> **INPUT FOR THIS TASK**
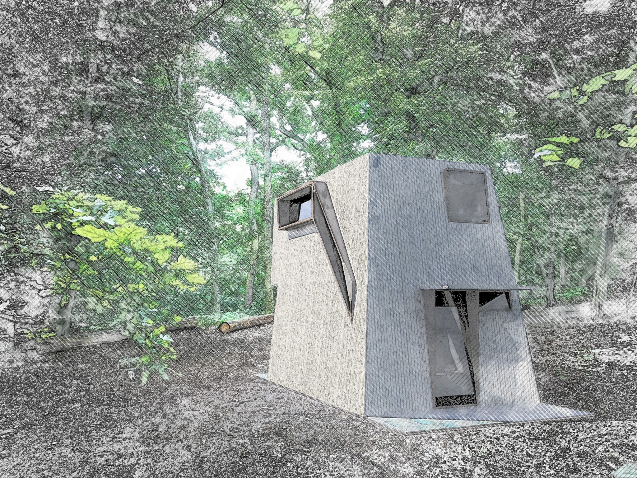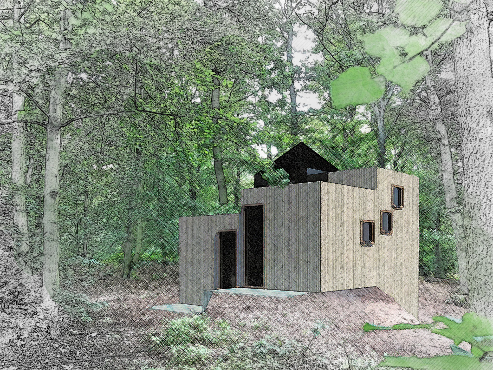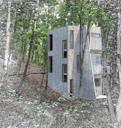 V návrhu a studiích architekta, grafika a designéra je nyní 12 TINY HOUSES (drobných, malých domů), které mohou být umístěny variantně na rovině, na louce, v lese ..., na mýtině – dle typu parcely, nebo i ve svahovité parcele – dle terénu a polohy ...
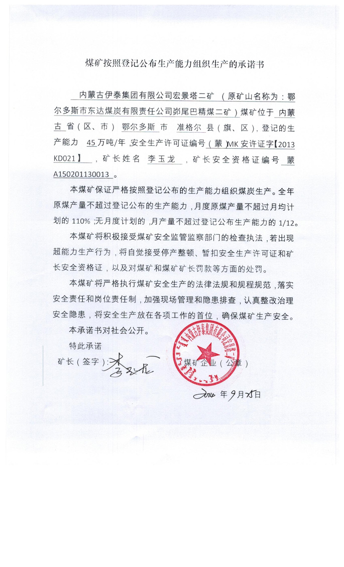 鄂尔多斯市东达煤炭有限责任公司峁尾巴精煤二矿生产承诺书
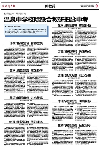 5月15日,温泉中学组织开展中考备考联合教研活动,多所初中学校教师和学科教研员齐聚一堂,交流分享备考经验。在距离中考仅剩一个月的时间里,如何高效备考?记者现场采访了各学科老师。
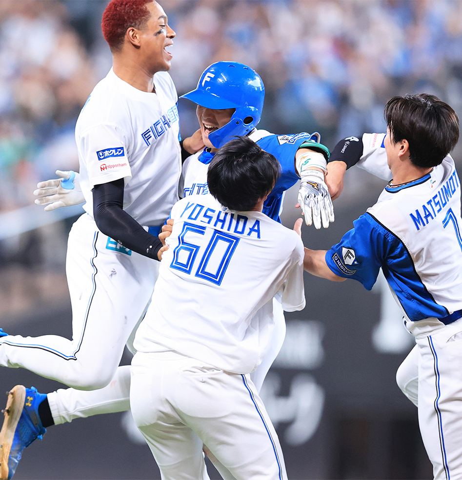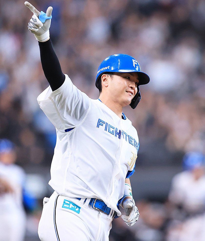 「めちゃくちゃうれしいですよ。僕が打ったことによってみんなが喜んでくれるのが野球選手としてうれしいですし、だいたい最初に駆け寄ってくるのは(清宮)幸太郎なんですけど。吹っ飛ばされないようにこっちも体幹を(笑)。幸太郎とかレイエスがすごい勢いで来る。体幹を入れてやっています(笑)」
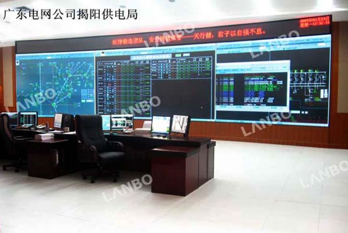 广东揭阳供电局DLP拼接大屏幕显示系统采用了DLP60英寸3*10弧形拼接显示屏,LED显示屏一套,主要用于电网信息监测,电力设施监控,供电信息统计以及电力抢修车辆调度,可将多达8台工作站图像同时显示到显示屏上随意拖放到任意位置以方便不同操作站的工作人员监看。充分满足了指挥中心信息发布要求,是北京环宇蓝博在电力行业的典型工程案例。

> **WORK INSTRUCTIONS**
Take the line with "鄂尔多斯市东达煤炭有限责任公司峁尾巴精煤二矿生产承诺书" and each line after it through the end of the material above, and reproduce them exactly, without the pictures.

> **EXERCISE OUTPUT**
 鄂尔多斯市东达煤炭有限责任公司峁尾巴精煤二矿生产承诺书
 5月15日,温泉中学组织开展中考备考联合教研活动,多所初中学校教师和学科教研员齐聚一堂,交流分享备考经验。在距离中考仅剩一个月的时间里,如何高效备考?记者现场采访了各学科老师。
 「めちゃくちゃうれしいですよ。僕が打ったことによってみんなが喜んでくれるのが野球選手としてうれしいですし、だいたい最初に駆け寄ってくるのは(清宮)幸太郎なんですけど。吹っ飛ばされないようにこっちも体幹を(笑)。幸太郎とかレイエスがすごい勢いで来る。体幹を入れてやっています(笑)」
 广东揭阳供电局DLP拼接大屏幕显示系统采用了DLP60英寸3*10弧形拼接显示屏,LED显示屏一套,主要用于电网信息监测,电力设施监控,供电信息统计以及电力抢修车辆调度,可将多达8台工作站图像同时显示到显示屏上随意拖放到任意位置以方便不同操作站的工作人员监看。充分满足了指挥中心信息发布要求,是北京环宇蓝博在电力行业的典型工程案例。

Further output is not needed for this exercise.